Unifying ESG Metrics and Market Performance for Biologic Industries

ESG
economics
healthcare
pharmaceuticals
Author

Bryan Armpriest

Published

March 2, 2025

Introduction and Background

Stock market data can be a critical indicator for how people feel about the company’s growth and future. How much a stock changes from year to year– regardless of day-to-day ups and downs–can be indicative of their current success or future promise.

Like most companies, those involving biological materials, pharmaceutical preparations, and In Vitro and In Vivo testing can be influenced by the risks that they are exposed to. In particular, risks However, these industries are likely separated for good reason, and will likely have different risk trends that impact how they do business. I want to expose these trends, and see if they play an impact on their annual market data. Combining market data and ESG ratings to see if there are general trends in industries can be a powerful tool to measure the impact of external aspects, and if the ESG risk score really matters when considering investments.

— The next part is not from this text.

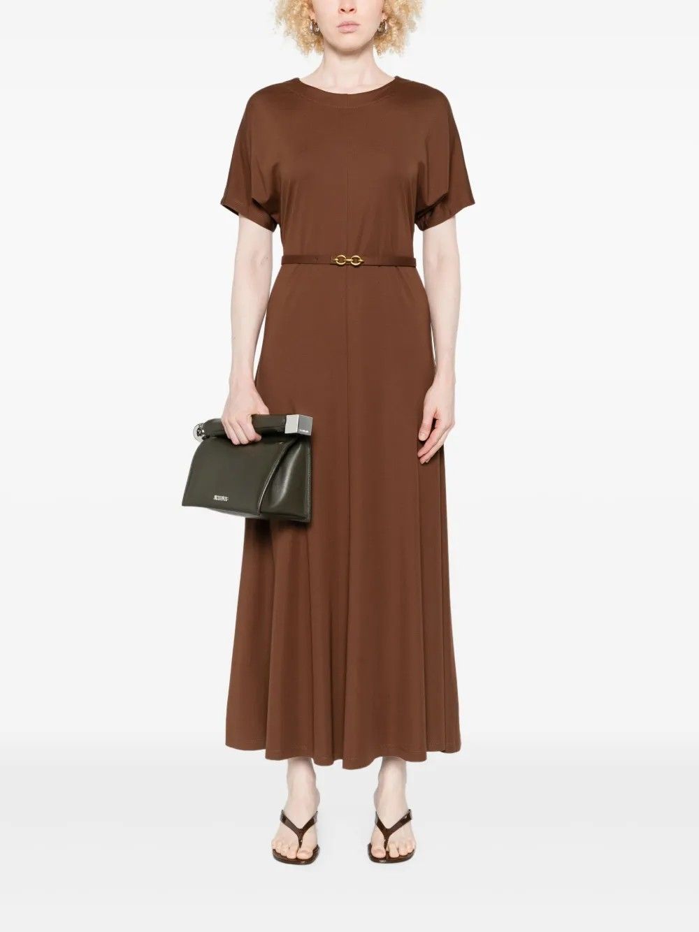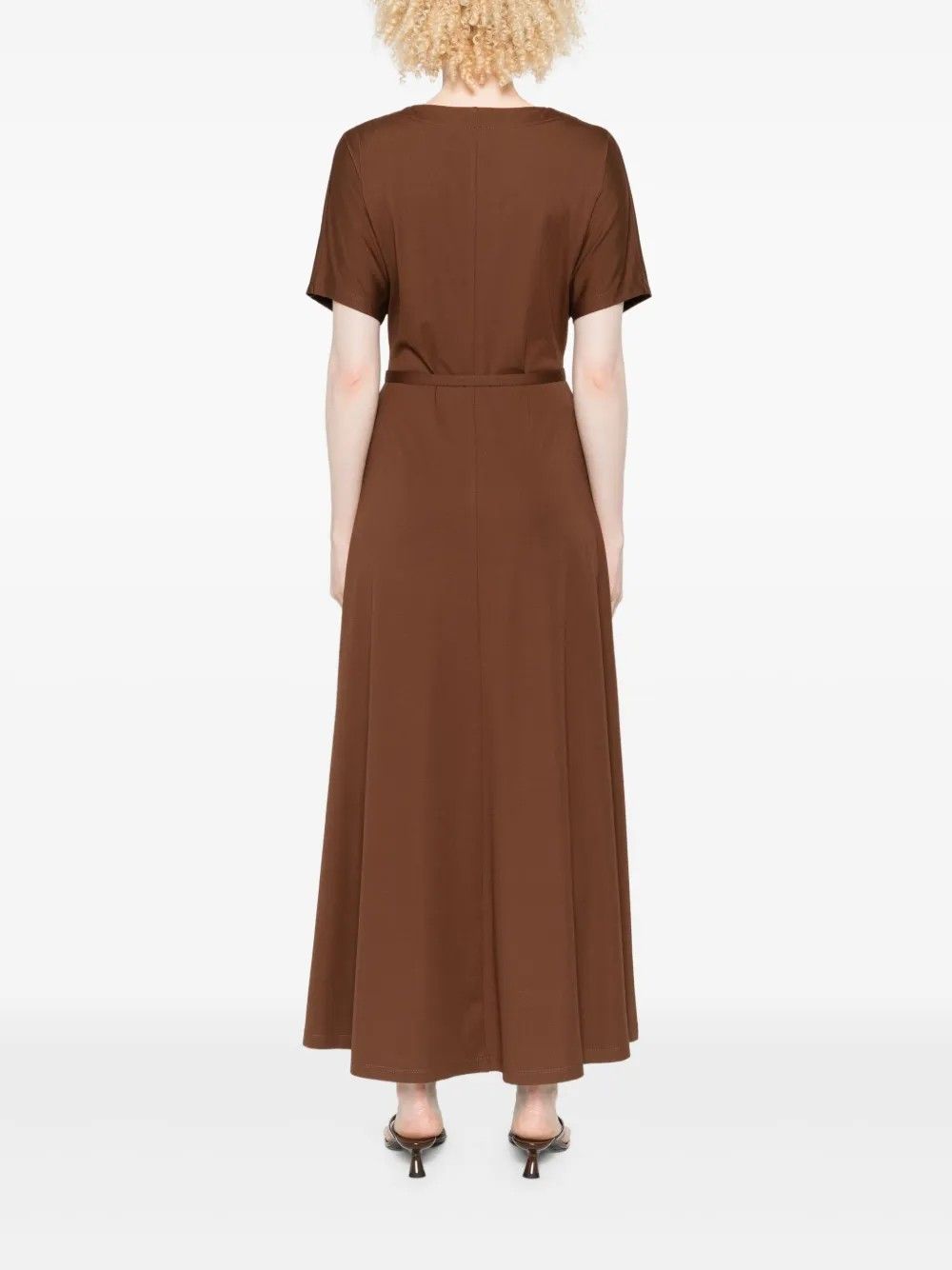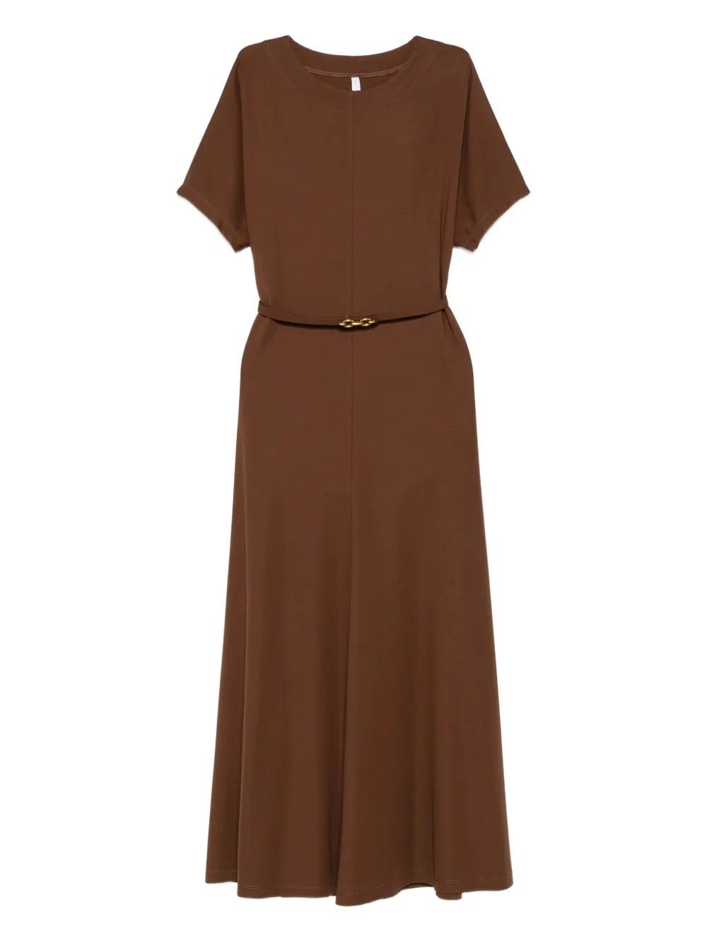 Scopri l'eleganza senza tempo del vestito Imperial, perfetto per ogni occasione. Questo capo marrone è dotato di una cintura sottile che esalta la silhouette.

Research Question: Are annual stock prices of biology-related companies associated with their exposure to long-term risks from social, environmental, and governance sources? Particularly, do in-vitro/in-vivo diagnostic-producing companies have higher risk scores and therefore lower stock prices? I also want to take a look at controversy scores for each of these companies.

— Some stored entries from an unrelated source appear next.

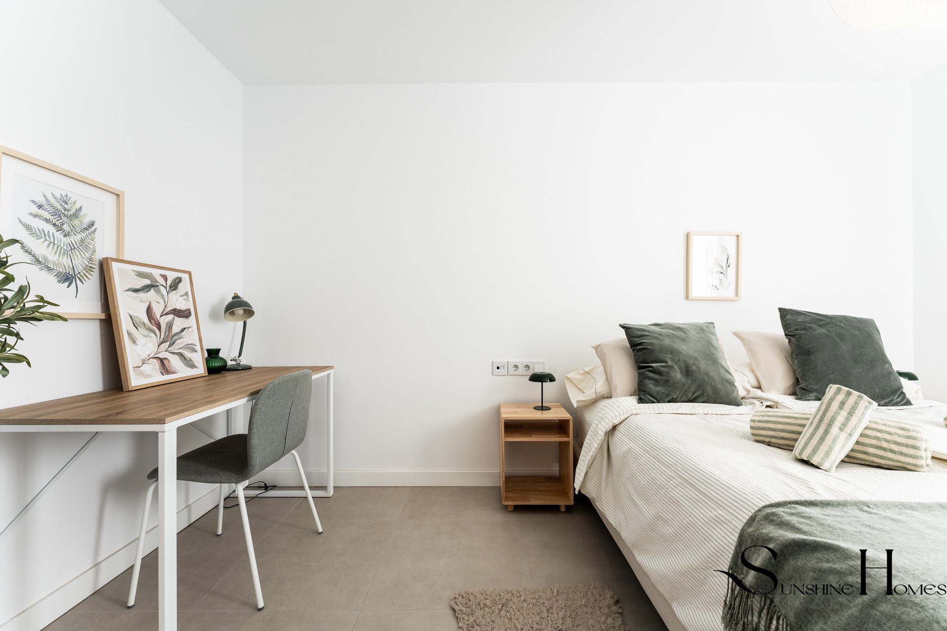 La chambre principale dispose de sa propre salle de bains attenante pour plus d'intimité et de commodité, ainsi que d'une autre fenêtre Velux. Réveillez-vous aux doux rayons du soleil qui filtrent à travers la fenêtre, prêts à embrasser une autre journée d'aventures sur la Costa del Sol.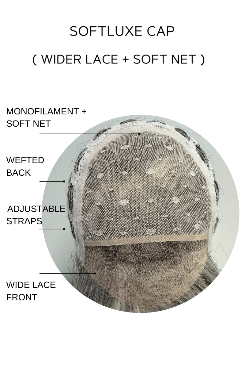 SoftLuxe Cap: This cap features a wide lace front and a soft net monofilament top, for a more delicate and durable feel while maintaining the same breathability as other caps. Natural Movement Hair Fiber: A combination of high-quality synthetic and heat-friendly hair fiber, creating a natural, subtle shine. Please note that this is a blended fiber piece and should not be treated like a heat-friendly piece but instead as a normal synthetic.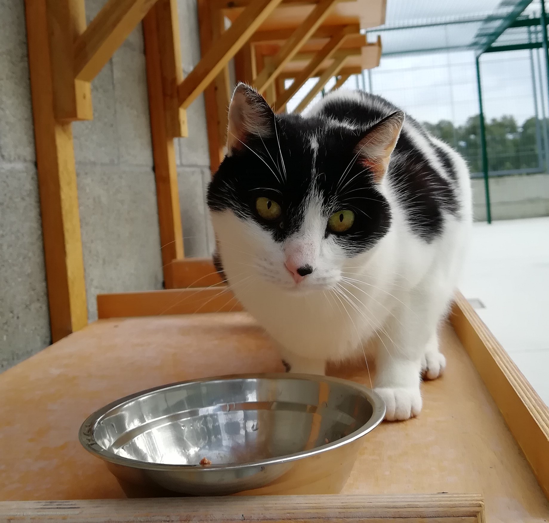 Va a hacer un año que Frijolita esta en la perrera y la vida allí pasa factura. No perdemos la esperanza que alguien se fije en ella. Frijolita es de esos gatos que se acercan a ti cuando entras al recinto con lata, pero no es una gata especialmente cariñosa aunque sabemos que la perrera no es el sitio ideal para que se muestren relajados. Con otros gatos se lleva muy bien, en una de las fotos se la puede ver con Peppo ¿Encontrara Frijolita el hogar que merece?

from google.colab import drive
drive.mount('/content/drive')
Drive already mounted at /content/drive; to attempt to forcibly remount, call drive.mount("/content/drive", force_remount=True).

#Data Collection

Initially, I was provided with esg_proj_2024_data, and esg_proj_2025.

Using selenium in the Spyder IDE, I was able to obtain and clean two DataFrames from Yahoo! Finance. The first, was a DataFrame involving stocks, their prices, and volatility. This data was collected using a table-scraping method on Yahoo! Finance’s website and stored a DataFrame: market_df.

The second DataFrame was also from Yahoo! Finance, and included ESG Risk Ratings for each company in the esg_proj_2024 dataframe.

To begin, I need to merge some of the dataframes together, and clean a bit more to make the data workable. For this project, I will be honing in on 2025 market data, and the most recent ESG Risk data.

import pandas as pd
import seaborn as sns
import matplotlib.pyplot as plt
url_2025 = "https://bcdanl.github.io/data/esg_proj_2025.csv"
esg_proj_2025 = pd.read_csv(url_2025)
esg_proj_2025.head()
Year Symbol Name Sector Industry Country Market_Cap IPO_Year
0 2025 A Agilent Technologies Inc. Common Stock Industrials Biotechnology: Laboratory Analytical Instruments United States 3.391867e+10 1999.0
1 2025 A Agilent Technologies Inc. Common Stock Industrials Biotechnology: Laboratory Analytical Instruments United States 3.391867e+10 1999.0
2 2025 AA Alcoa Corporation Common Stock Industrials Aluminum United States 8.279121e+09 2016.0
3 2025 AA Alcoa Corporation Common Stock Industrials Aluminum United States 8.279121e+09 2016.0
4 2025 AAL American Airlines Group Inc. Common Stock Consumer Discretionary Air Freight/Delivery Services United States 7.325392e+09 NaN
url_2024 = "https://bcdanl.github.io/data/esg_proj_2024_data.csv"
esg_proj_2024_data = pd.read_csv(url_2024)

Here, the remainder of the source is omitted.